Wie lässt sich in der modernen Gesellschaft ein Mechanismus zur Ausbildung von moralisch einwandfreien Menschen einrichten, der auch auf die eigenen Traditionen Bezug nimmt, fragt der Wirtschaftswissenschaftler Qiu Feng (秋风).
China braucht Universitäten zur Charakterbildung
Die chinesische Hochschulbildung steht heute vor zahlreichen Problemen, eines ihrer größten ist jedoch, dass es an Institutionen mangelt, die den Charakter bilden.
Seit alter Zeit gab es in China den Begriff des „junzi“ (君子), des moralisch einwandfreien Ehrenmannes. Spätestens in der Zhou-Dynastie war von ihm die Rede. Zunächst bezeichnete dieser „Edle“ einen Aristokraten. Zu einer Zeit, als das feudale System zu bröckeln begann, erfuhr der Begriff mit Konfuzius einen Bedeutungswandel: Selbst ein Mensch, der zum gemeinen Volk zählte, galt als Edler, solange er nur moralischen Anstand besaß. Von nun an konnte jeder zum Ehrenmann werden, und für die Chinesen bestand das Ideal eines Menschen darin, ein solcher zu sein.
Der Edle, den Konfuzius im Sinn hatte, kommt in etwa dem nahe, was die Europäer einen „Gentleman“ nennen. Beide betonen sowohl die Tugendhaftigkeit als auch eine Weltgewandtheit, die sich in den Dienst der Gesellschaft stellt. Allerdings liegt beim konfuzianischen „junzi“ im Vergleich zum Gentleman der Akzent noch mehr auf Bildung und Lebensweisheit. So kommt es, dass ein Edler zunächst der Bildung bedarf.
Die zentrale Frage bei Konfuzius und in der gesamten konfuzianischen Tradition drehte sich darum, wie man durch angemessene Erziehung einen edlen Charakter kultivieren könne. So wurde die Ausbildung des moralisch einwandfreien Menschen zum grundlegenden Ziel der konfuzianischen Erziehung. Eine der herausragenden Leistungen des Konfuzius war es, Institutionen gegründet zu haben, die den einfachen Mann zum Ehrenmann machten: Konfuzius gründete die erste Universität Chinas, die ihrem Wesen nach den Universitäten der europäischen Feudalzeit ähnelte. Mit dem Unterschied, dass Konfuzius seine aus dem gemeinen Volk stammende Anhängerschaft zu edlen Menschen erziehen wollte. Auch nach Konfuzius ging es stets um die Bildung des edlen Charakters, egal ob die Konfuzianer der Han-Zeit ihre Schüler zuhause unterwiesen oder die Konfuzianer der Song-Zeit Akademien einrichteten.
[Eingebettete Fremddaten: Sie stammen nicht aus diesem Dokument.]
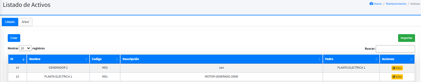 Lograras visualizar tus activos desde las opciones de Listado y Árbol.
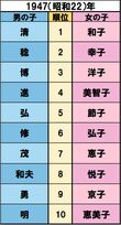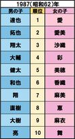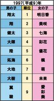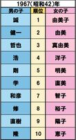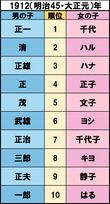 トレンド 2018/11/16 明治時代からどど〜んと振り返る、日本の “人気ネーム” 変遷がおもしろすぎる! 歴史 『週刊女性』編集部 印刷 [写真 1/12枚目] ※写真はイメージです [写真 2/12枚目] 明治天皇が崩御、孫文が中華民国の成立を宣言、ストックホルムオリンピックに日本初参加【誕生】双葉山定次、檀一雄 出典/明治安田生命 [写真 3/12枚目] 健康保険法公布、伊・ムッソリーニが首相就任、ソビエト連邦成立【誕生】水木しげる、瀬戸内寂聴 出典/明治安田生命 [写真 4/12枚目] 満州国が建国宣言、五・一五事件で犬養毅首相が殺害される【誕生】青島幸男、田中邦衛、石原慎太郎 出典/明治安田生命 [写真 5/12枚目] ミッドウェイ海戦、全国中等学校優勝野球大会が中止に【誕生】小泉純一郎、中尾彬、近藤正臣 出典/明治安田生命 [写真 6/12枚目] 日本国憲法施行、学校給食開始、カスリーン台風、古橋廣之進が水泳で世界新記録【誕生】ビートたけし、高田純次、岸部一徳 出典/明治安田生命 [写真 7/12枚目] 岸信介内閣が成立、南極に昭和基地、諫早豪雨、ソ連・スプートニク号の打ち上げに成功【誕生】名取裕子、大竹しのぶ、夏目雅子 出典/明治安田生命 [写真 8/12枚目] ツイッギーが来日しミニスカブーム、東京キー局がカラーテレビ本放送開始、四日市公害訴訟【誕生】織田裕二、天海祐希、坂上忍 出典/明治安田生命 [写真 9/12枚目] 国鉄民営化、安田生命がゴッホ『ひまわり』53億円で購入、石原裕次郎死去、マイケル・ジャクソン初来日【誕生】長澤まさみ、井上真央 出典/明治安田生命 [写真 10/12枚目] 消費税率5%に、香港がイギリスより返還【誕生】芳根京子、杉咲花 出典/明治安田生命 [写真 11/12枚目] 新潟県中越沖地震、宮崎県知事に東国原英夫、第1回東京マラソン、石川遼がメジャー世界最年少優勝【誕生】加藤憲史郎、本田紗来 出典/明治安田生命 [写真 12/12枚目] 九州北部豪雨、トランプ米大統領が就任、藤井聡太四段(現七段)が29連勝【誕生】上野動物園のシャンシャン 出典/明治安田生命 この写真の記事へ戻る
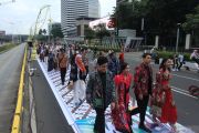 Warga memakai Batik berjalan bersama saat mengikuti peragaan busana Mandiri Hari Batik 2022 di kawasan Car Free Day (CFD) Jl.Jend Sudirman, Jakarta, Minggu (2/10/2022). Even tersebut digelar sebagai rangkaian kegiatan Hari Batik Nasional dan HUT Bank Mandiri Ke-24 pada 2 Oktober, yang juga didukung oleh Kementerian Perindustrian. ANTARA FOTO/Reno Esnir/foc.
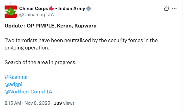 Two terrorists have been killed by security forces in the ongoing operation in the Keran area of Kupwara district, Jammu and Kashmir.
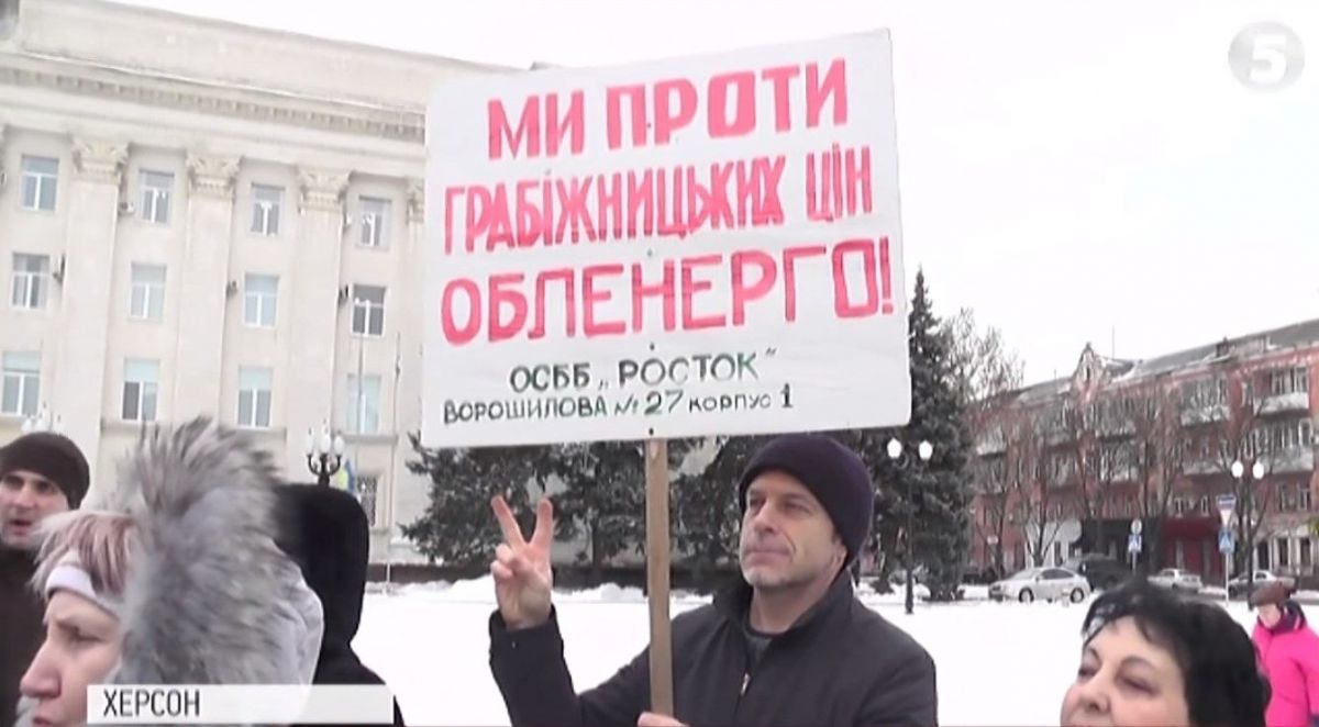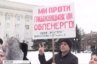 Понад 200 керівників об'єднань співвласників багатоповерхових будинків прийшли під стіни обласної адміністрації в Херсоні. Учасники мітингу вимагали скасувати підвищення цін на електроенергію для ОСББ. Новий тариф набув чинності від початку року, передає "5 канал".

Schließlich war in den Augen der Konfuzianer der edle „junzi“ die Basis einer geordneten Gesellschaft. Diese Ehrenmänner verfügten über Wissen, besaßen moralischen Anstand und verstanden sich zudem auf die Kunst und Weisheit der Staatsführung. Mittels dieser Qualitäten konnten sie das allgemeine Vertrauen der Bevölkerung gewinnen und die Selbstregulierung der Gesellschaft anleiten und organisieren. Zudem hatten sie Zugang zu den Regierungsorganen, konnten Ämter bekleiden und ihre idealistischen Vorstellungen in die Regierung einfließen lassen.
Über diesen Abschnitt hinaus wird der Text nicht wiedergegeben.